# 그 자체였다.



## idialegre

Hi Everybody. In the novel 레몬 by 권여선, a woman is describing her sister, who was murdered. She says,

언니는 누구나 한번 보면 잊지 힘들 정도로 아름다운 소녀였다. 내용 없는 텅 빈 형식의 완전함이 주는 황홀 그 자체였다.

I understand the first sentence: "My sister was such a beautiful girl that it was difficult for anyone who saw her to forget her." But I find the second sentence confusing. Is 내용 없는 텅 빈 형식의 - "the empty, hollow form" - referring to her sister's corpse? And I don't know how to translate 그 자체였다. 

Anyone care to help out? Thanks!


----------



## SeasnailSalad

To show that her sister had a flawless appearance, the author seemed to try to explain how beautiful her looks were (언니는 ~였다) and a feeling of great happiness, pleasure, or love (rapture;황홀) you'd have when meeting her (내용 ~ 자체였다); that is to say, anyone who saw her in person would be as impressed by her beauty as the feeling.

The literal translations would be "(Her beauty was) rapture itself given by the empty[hollow] form of perfection," and "그 자체였다" could be translated into "it was what[as] it was," or often "itself" in some context.

My interpretations on '내용 없는 텅 빈 _형식_의 *완전함*이 주는' would be like there's no single defect _in her appearance_ so that it's regarded '*perfect*.'

I hope this helps!


----------



## idialegre

Thank you, SeasnailSalad, your explanation does help. But if you still have some patience for my questions, I'm just wondering if I'm perhaps misunderstanding some of the words. If I translate it word by word, 내용 없는 means "without content" or "without details." 텅빈 means "hollow." It's still not clear to me why she would describe the her sister's form as empty and hollow. Do you think she's commenting on her sister's character? (Maybe saying her sister was stupid??? ㅋㅋㅋ) I don't quite get it.


----------



## lkjhg811

idialegre said:


> I'm just wondering if I'm perhaps misunderstanding some of the words. If I translate it word by word, 내용 없는 means "without content" or "without details." 텅빈 means "hollow."


"내용 없는" means "without content". "텅 빈" means "hollow".



idialegre said:


> It's still not clear to me why she would describe the her sister's form as empty and hollow.


"White" stands for perfection, untainted by any other hue.
Similarly, "empty" and "hollow" stand for perfection, untainted by anything.



idialegre said:


> Do you think she's commenting on her sister's character? (Maybe saying her sister was stupid??? ㅋㅋㅋ)


No. She's not at all.


----------



## Tomato potato

My first feeling of "내용없는 텅빈 형식의 완전함" is being sarcastic about her stupidness.
What can be the sister's real intention? Describing perfect beauty? Maybe both?
The reason metaphors have a value is that they are understood in various ways.


----------



## SeasnailSalad

idialegre said:


> Thank you, SeasnailSalad, your explanation does help. But if you still have some patience for my questions, I'm just wondering if I'm perhaps misunderstanding some of the words. If I translate it word by word, 내용 없는 means "without content" or "without details." 텅빈 means "hollow." It's still not clear to me why she would describe the her sister's form as empty and hollow. Do you think she's commenting on her sister's character? (Maybe saying her sister was stupid??? ㅋㅋㅋ) I don't quite get it.

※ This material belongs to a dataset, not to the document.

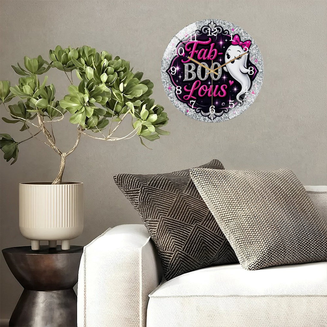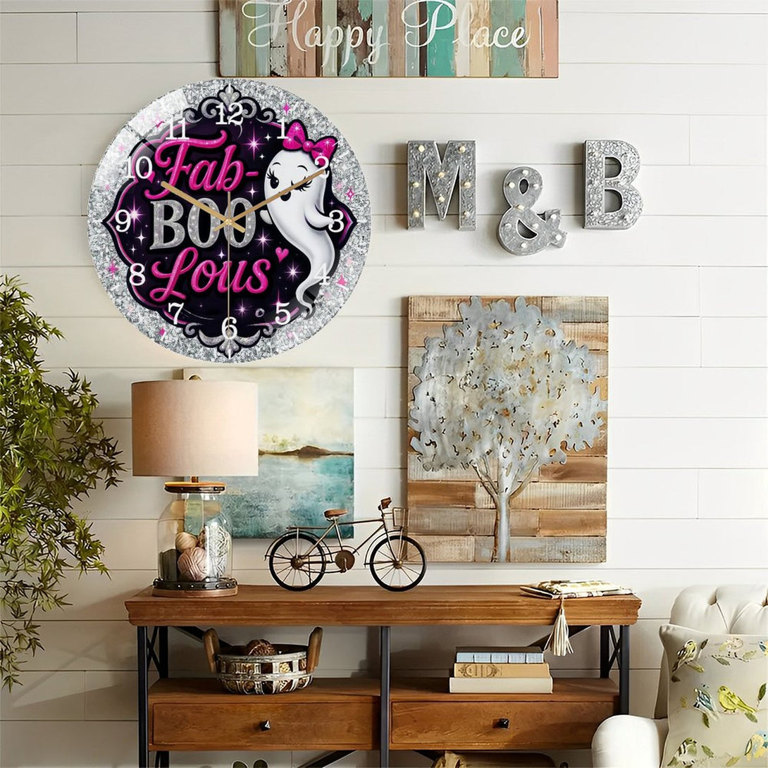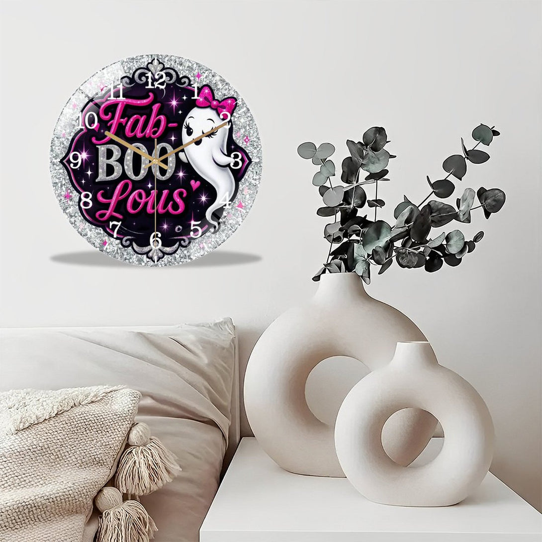 Decor Wall Clocks: Hallo-ween Pink Ghost Wreath Glass Wall Clock,Spooky Hallo Ween Wall Clock from Homes, Bars, Offices, Man Caves, Garages, And Living Rooms. Also Makes A Great Gift.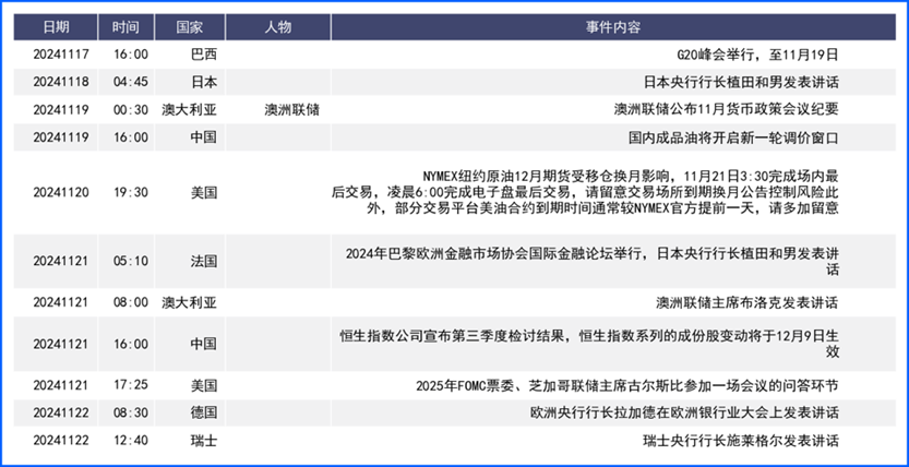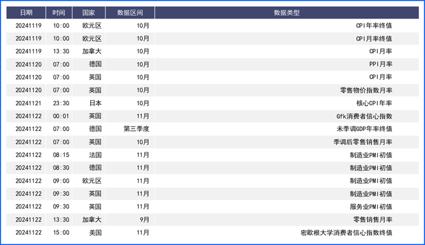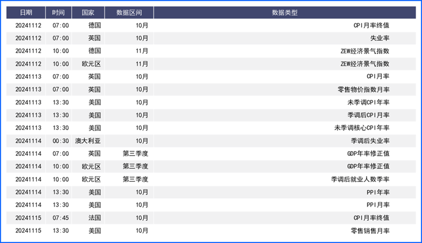 英镑兑美元上周下跌2.4%,创下2023年1月以来的最大单周跌幅。上周公布的英国9月经济数据表现萎缩,显示出第三季度经济增长进一步放缓,令市场放缓对英国经济复苏的预期。不过,特朗普上台后,由于英国是向美国提供服务的主要出口国,特朗普放松管制和减税对美国经济的提振可能有助于支撑英国的经济增长,但从数据表现看,英国基本面情况转好的迹象尚未出现。

Well, it may sound like referring to her stupidity if the context given made you feel that way. We're not reading the book together from scratch though we are on the same page, and I've just kind of translated and explained some of the expressions from the book you are wondering. So I don't think I'm able to categorically explain what the author intended like in a crystal-clear way. Based on what you brought up here, I thought the author just wanted to make a comparison between her flawless appearance and something similar to it rather than being sarcastic. Therefore, the example answer would be all the interpretations are up to the readers.


----------



## idialegre

Thank you very much! Now I understand. 

I didn't know that emptiness and/or hollowness were also symbols or perfection. (In the USA they would usually symbolize an empty head, i.e., no brain.)


----------



## lkjhg811

idialegre said:


> (In the USA they would usually symbolize an empty head, i.e., no brain.)


In Korea, they could symbolize an empty head, depending on the context.


----------



## SeasnailSalad

idialegre said:


> Thank you very much! Now I understand.
> 
> I didn't know that emptiness and/or hollowness were also symbols or perfection. (In the USA they would usually symbolize an empty head, i.e., no brain.)


Probably it’s more of something seamless that doesn’t need a single stitch, which could imply a perfect thing that doesn’t need someone’s finishing touch. The descriptions the author used are not that very common to refer to something perfect in that way even in Korea, but it’s still understandable that way by the context.


----------



## idialegre

Thanks, that's very interesting.


----------